Tennessee’s seventh year head coach’s fire helped him resurrect the Vols program, but it wasn’t the only way he did it.

Vitello jumped into a hug with his assistant coaches when Aaron Combs struck out Ted Burton for the final out of the season.

It’s a coaching staff that has stayed mostly intact during Vitello’s tenure. Pitching coach Frank Anderson and associate head coach Josh Elander were on Vitello’s original staff. Strength coach Quentin Eberhardt was too before leaving for a job in Major League Baseball for just six months before returning to Knoxville. Assistant coach Richard Jackson played on Vitello’s first two teams at Tennessee.

“He’s loyal,” Jackson told RTI postgame “He is in the trenches with you. As a player, he is in the trenches with you everyday and you never feel like he’s a CEO barking orders at you, nothing like that. He’s in the trenches with you.”

Kavares Tears picked Vitello up into the air while giving him a hug following the game. The star right fielder is a shining example of Tennessee’s player development and he swears that Vitello is not a player’s coach because he’s young and cool but because of the way he treats everyone inside his program.

More From RTI: Everything Tony Vitello Said After Tennessee Won The National Championship

Catcher Cal Stark, who showed Vitello loyalty and earned it back in turn, echoed the same sentiments after delivering a title for his home town team.

“He means so much to each and every one of us. He’s just lovable,” Stark said. “He’s easy to play for. He loves everyone on this team whether it’s Blake Burke or a kid that’s in the eighth grade and is committed here. He is always the same.”

Where foes see arrogance, pride and selfishness, those closest to Vitello see selflessness, humility and the ultimate teammate.

“He isn’t above everybody,” Eberhardt said. “If there’s a piece of gum on the ground he is picking it up. If it’s throwing BP, hitting fungo, he don’t care. If it’s talking life to you, if it’s going to eat with you. I think that humility of him, everyone wants to seem like it’s something more than it is but it’s not.
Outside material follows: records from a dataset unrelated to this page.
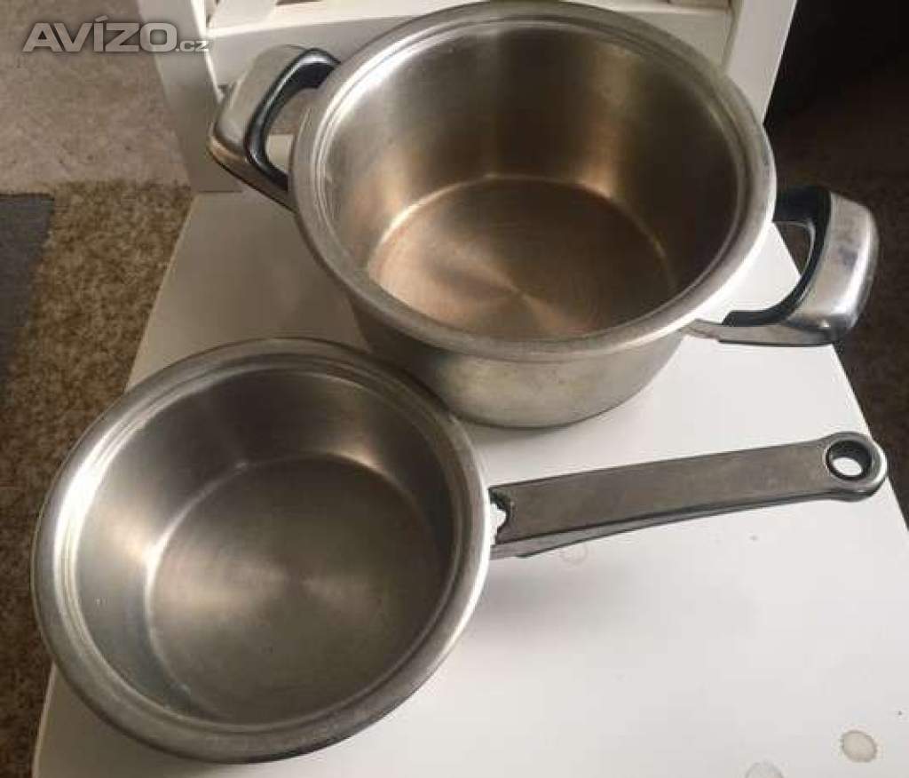 Menší, průměr dna 14 cm, se 2 poklicemi, cena 800,-Kč.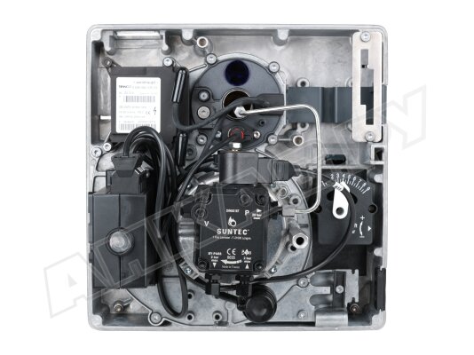 - Топливо равномерно распыляется механическим способом с помощью форсунки, которая подбирается индивидуально. В форсуночном узле размещен быстродействующий э/м клапан, повышающий безопасность эксплуатации системы сжигания.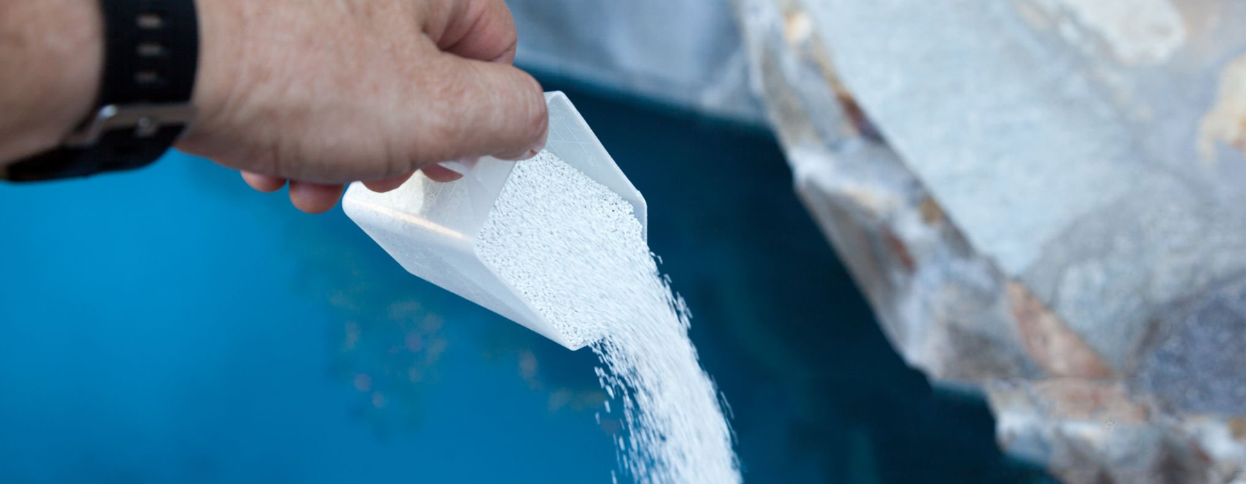 Dissolve SDIC particles in a bucket of water in advance and then evenly distribute them around the swimming pool.
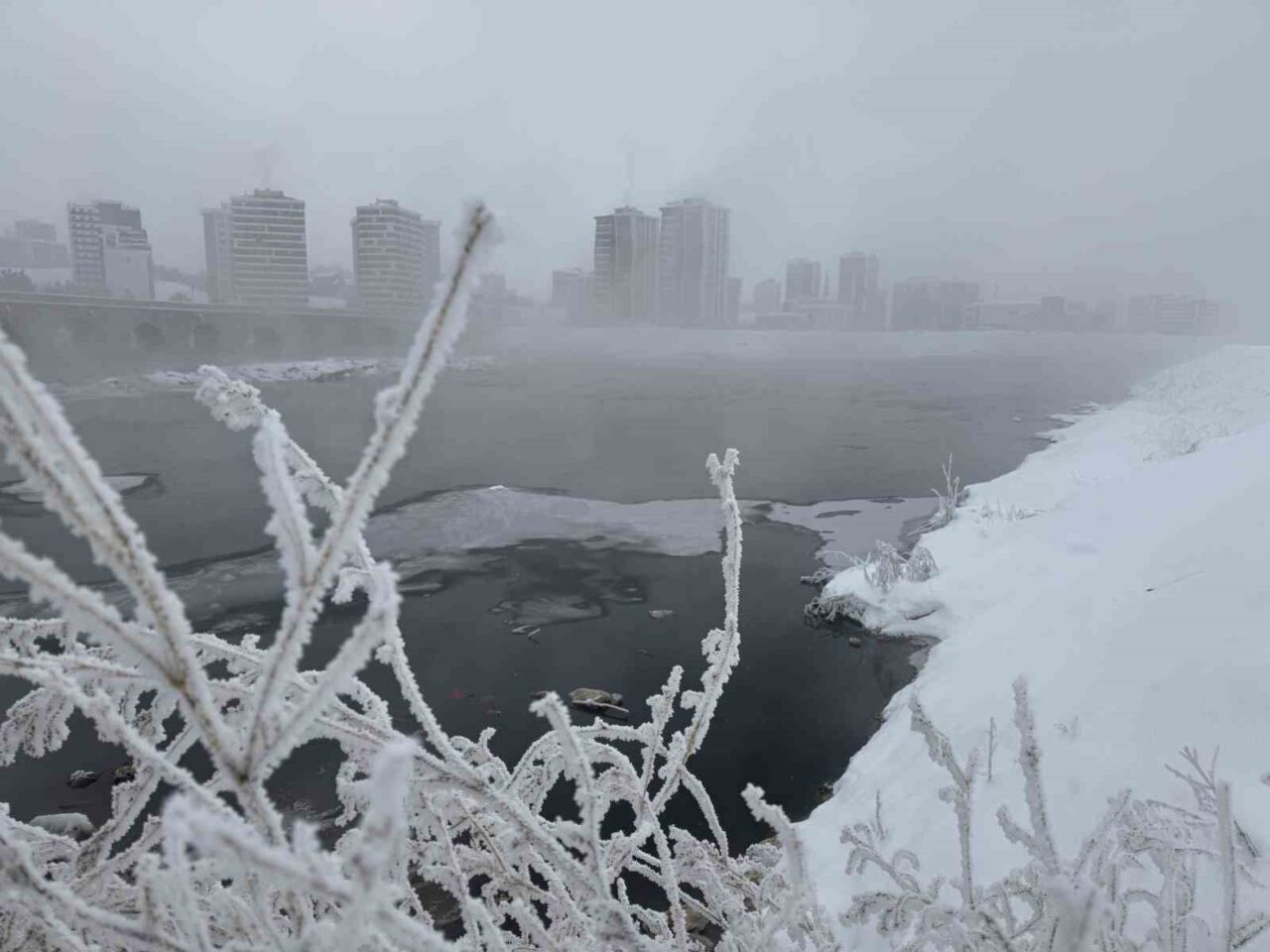 Meteoroloji Genel Müdürlüğü’nün soğuk hava uyarısında bulunduğu Sivas’ta termometreler, gece saatlerinde sıfırın altına 22 dereceyi gösterdi. Soğuk havasıyla tanınan Sivas’tan doğarak Karadeniz’e dökülen ve Türkiye’nin en uzun nehri olan Kızılırmak, kısmen dondu. Nehrin şehirden geçen bazı bölümleri kısmen donarken, suda yaşayan canlılar donmamış alanlarda avlanmaya devam etti.

“The players love it because they get to be themselves and they get to be genuine versions of themselves. No matter what race, religion or creed you have. They can do whatever they are and be comfortable. That’s what we like to do, make every player comfortable here because we’re a family.”

It’s hard to argue with the results. In six full seasons, Vitello’s taken Tennessee to the College World Series three times and now has a National Championship. He’s built a program where assistant coaches stay and players wait their turn instead of running off to the transfer portal.

He sits atop the college baseball world.